Still, Sabato is skeptical that even evidence that Trump stole from his own company will do much for his support.
“The group of American voters who cared deeply about such issues and who put Bill Clinton through the wringer are white evangelical Christians. And now we have the orange Jesus in their view. They have long since excused Trump for everything,” he said.
Instead, the trial only reinforced the view among many Trump supporters that he is the victim of a conspiracy in power. Eight in ten Trump voters believe the fraud investigation by Manhattan District Attorney Alvin Bragg was rigged to frame the former president.
Rick Scott, a Republican senator, appeared in court Thursday to argue that Trump is being persecuted only because he is running for the White House again, calling the process “purely political persecution.”
The verdict in the case may be another matter. Ann ABC News/Ipsos poll this month showed that while 80% of Trump supporters would support him if he were convicted of a crime, 16% would reconsider their support and 4% would move away from the former president.
Given the thin margins by which swing states are decided in presidential elections, Sabato said that could prove enough to sink Trump’s bid for another term in the White House.

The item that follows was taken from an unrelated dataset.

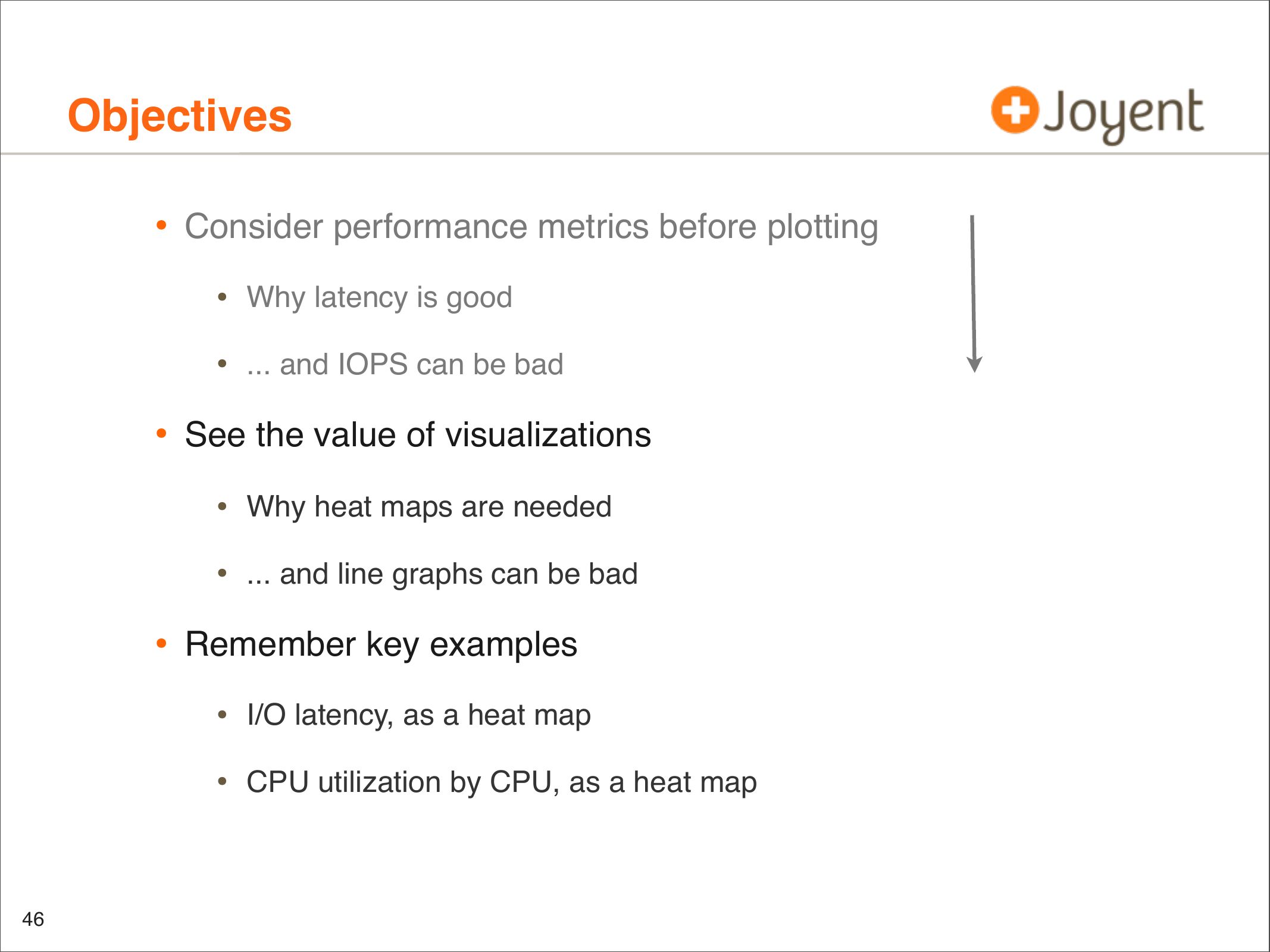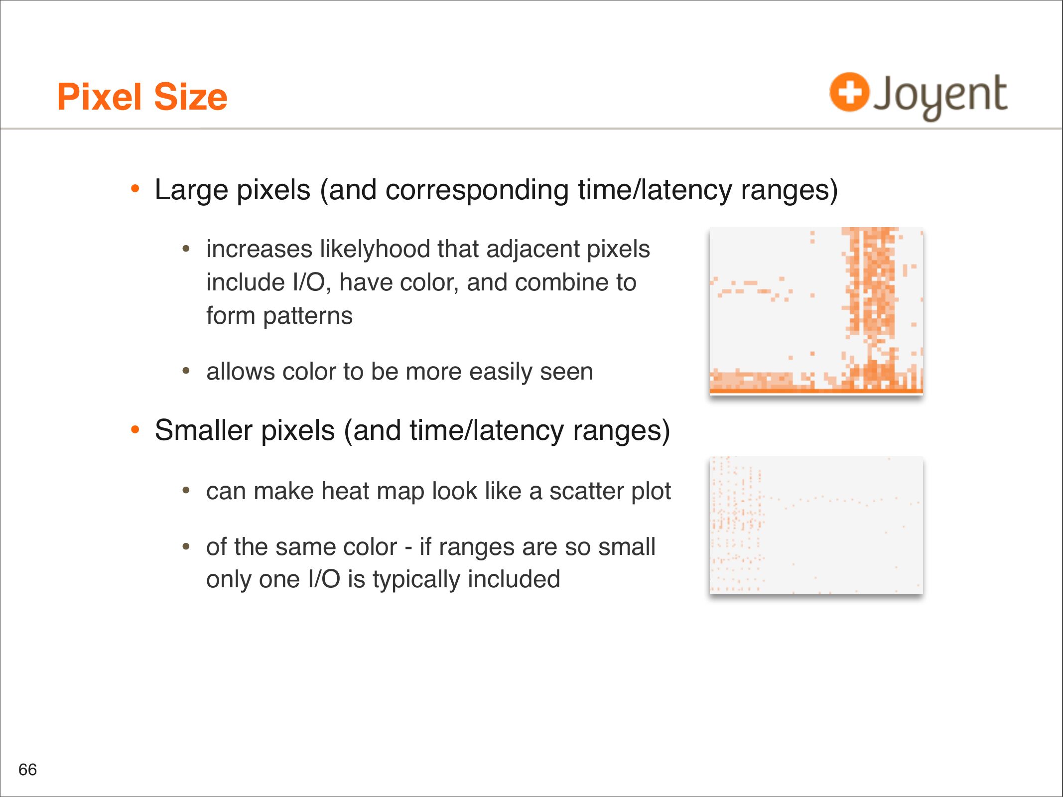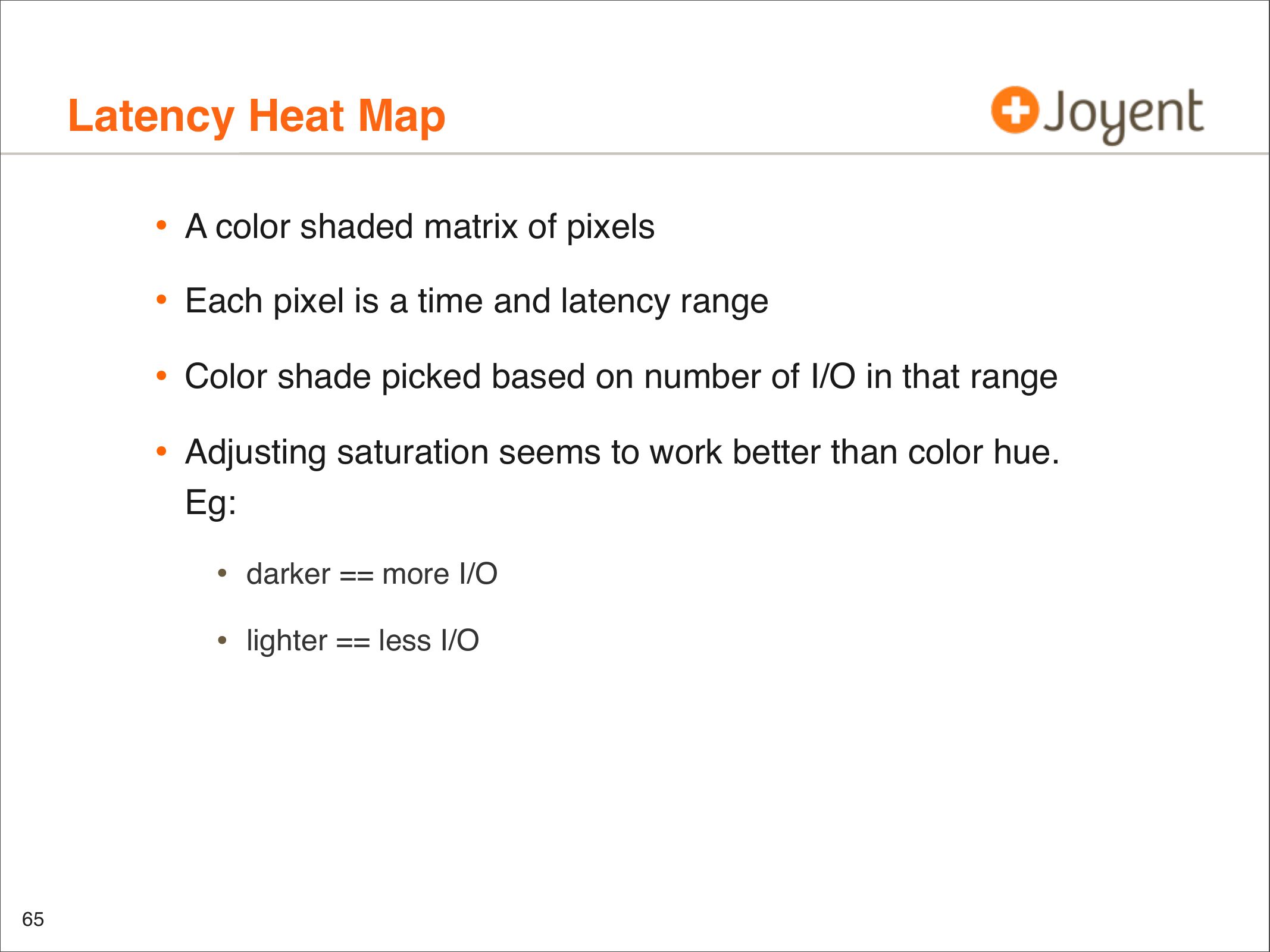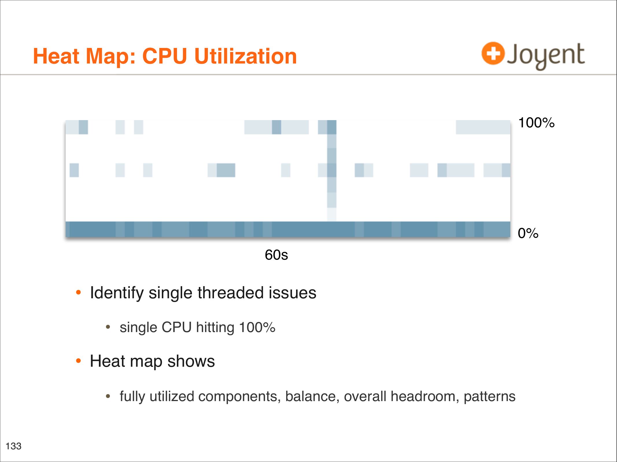 Description: "Visualizations that include heat maps can be an effective way to present performance data: I/O latency, resource utilization, and more. Patterns can emerge that would be difficult to notice from columns of numbers or line graphs, which are revealing previously unknown behavior. These visualizations are used in a product as a replacement for traditional metrics such as %CPU and are allowing end users to identify more issues much more easily (and some issues are becoming nearly impossible to identify with tools such as vmstat(1)). This talk covers what has been learned, crazy heat map discoveries, and thoughts for future applications beyond performance analysis."

On the other hand, it appears increasingly unlikely that the former president will be tried before the election on the multiple charges — ranging from the misuse of classified documents to his role in the storming of the Capitol on January 6, 2021 — that he faces in Florida, Georgia and Washington DC.
“What Trump did in the dossier case is absolutely outrageous, but people don’t care,” Sabato said. “The only one that would have an impact is the case of January 6, because people don’t fully understand that this is an attempted coup d’état. You have enough focus on that in the process and then you take one or 2% off Trump that could probably decide the election. But now it won’t take place until November, so he slipped away.